What about a book with a really strong “other”-ness-oriented plot, like The Absolutely True Diary of a Part-Time Indian? That’s centered on the protagonist’s struggle with living in two cultures and among people of two different races. But it’s also about family and addiction and romance and basketball and bulimia and a government-sanctioned caste system. And it was considered sufficiently complex to win a billion awards and get itself on a billion critics’ lists.

Yes, sometimes a character’s “other”-ness really is the biggest thing in their life. But that doesn’t mean the story isn’t still complex. Right now, for Kurt on Glee (it always comes back to Glee with me), the fact that he likes boys really is the most important thing in his life. Partly because other people are making it that way by calling attention to it, and partly because right now he desperately, desperately wants to have a relationship with a boy. Because he’s a kid, and that’s his current reality. It doesn’t make him a less complex character, and it doesn’t mean there aren’t other things going on in his life, and it doesn’t mean the story itself is flawed.

Seriously, I’m racking my brain here trying to think of a YA book I’ve read that was “about” a protagonist’s “other”-ness, or where that aspect of a character’s identity was the lone trait that defined them.
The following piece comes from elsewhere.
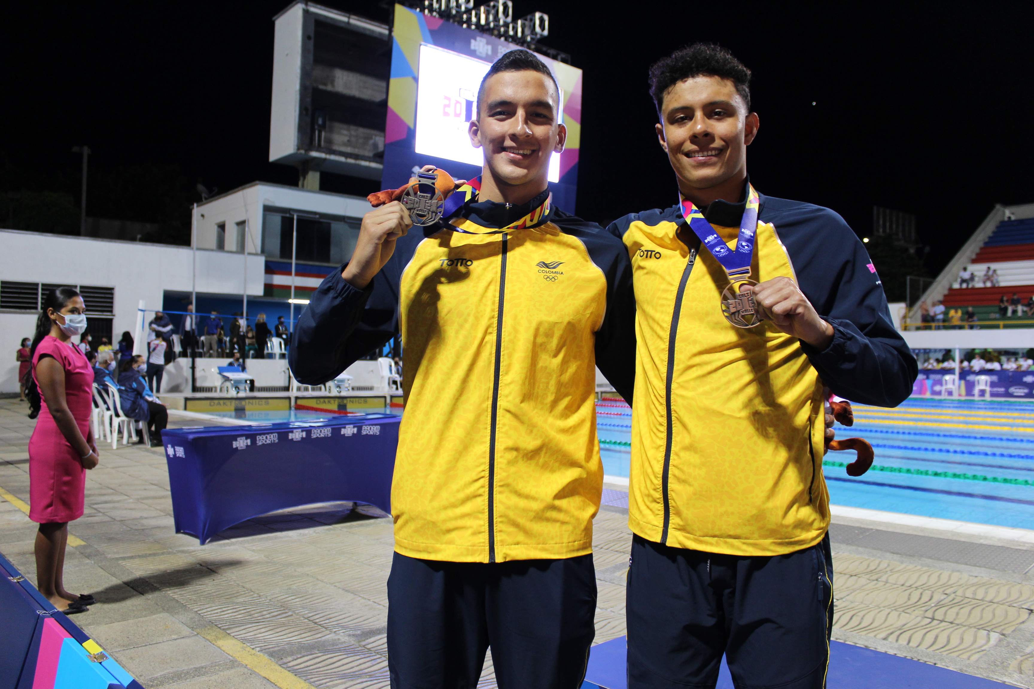 Juan Manuel Morales Restrepo y Santiago Angel Corredor Zabala ganadores en la disciplina natación en los "I Juegos Panamericanos Junior", llevados a cabo en la ciudad de Cali.
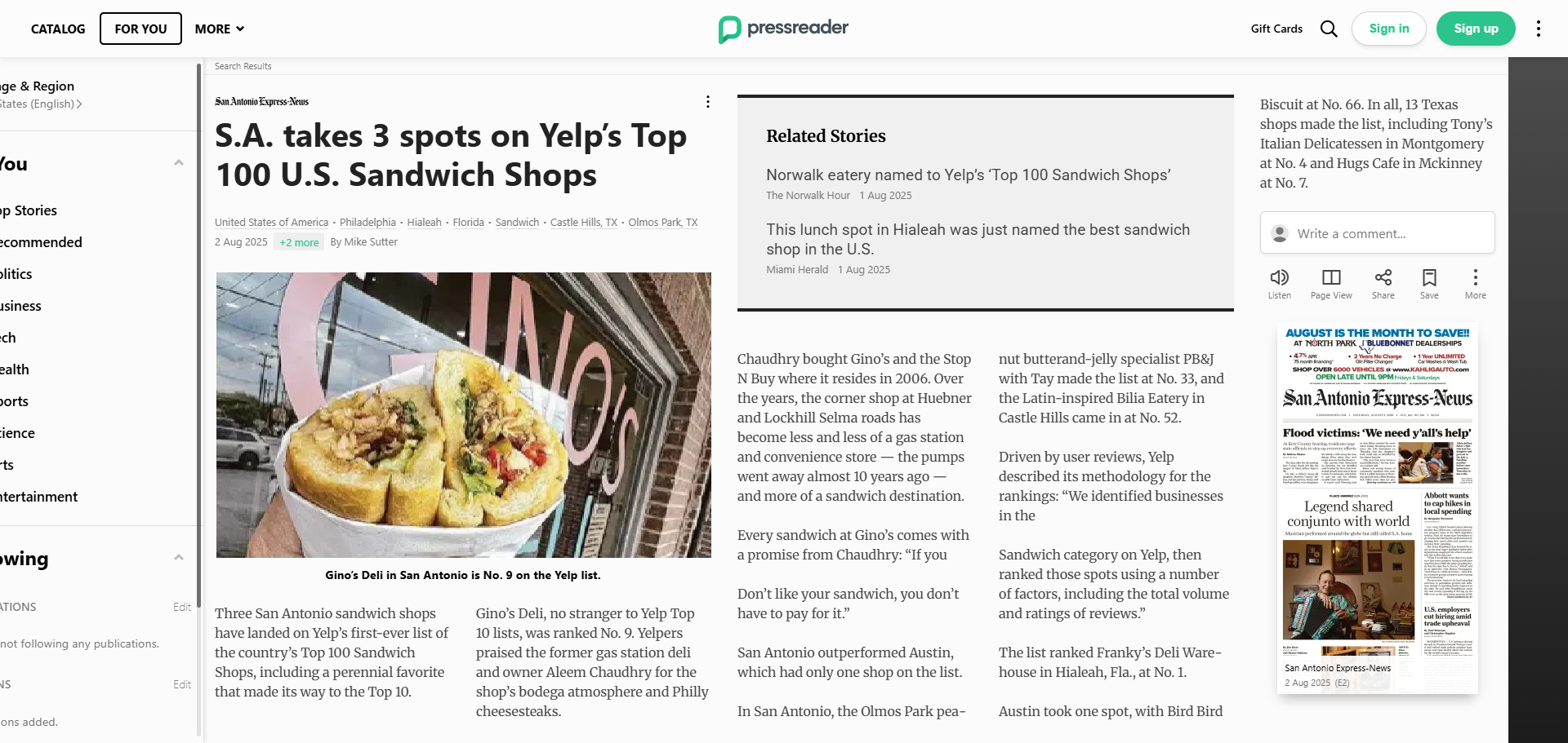 Gino’s Deli among the 2 San Antonio restaurants to make Yelp’s top 100 list for 2026

I’ve read my fair number of books, but I’m coming up empty.

Books, good books at least, aren’t like TV shows, where you can easily identify the A, B, and C plots of each episode because they’re only loosely strung together. That makes for good TV; your perspective shifts from scene to scene. But in books, things need to be interwoven. Each scene is accomplishing multiple things, and often addressing multiple plot threads. Whatever makes a character who they are will inevitably come out in the story. That’s just how characters work. It’s what they do. It’s what makes good stories good.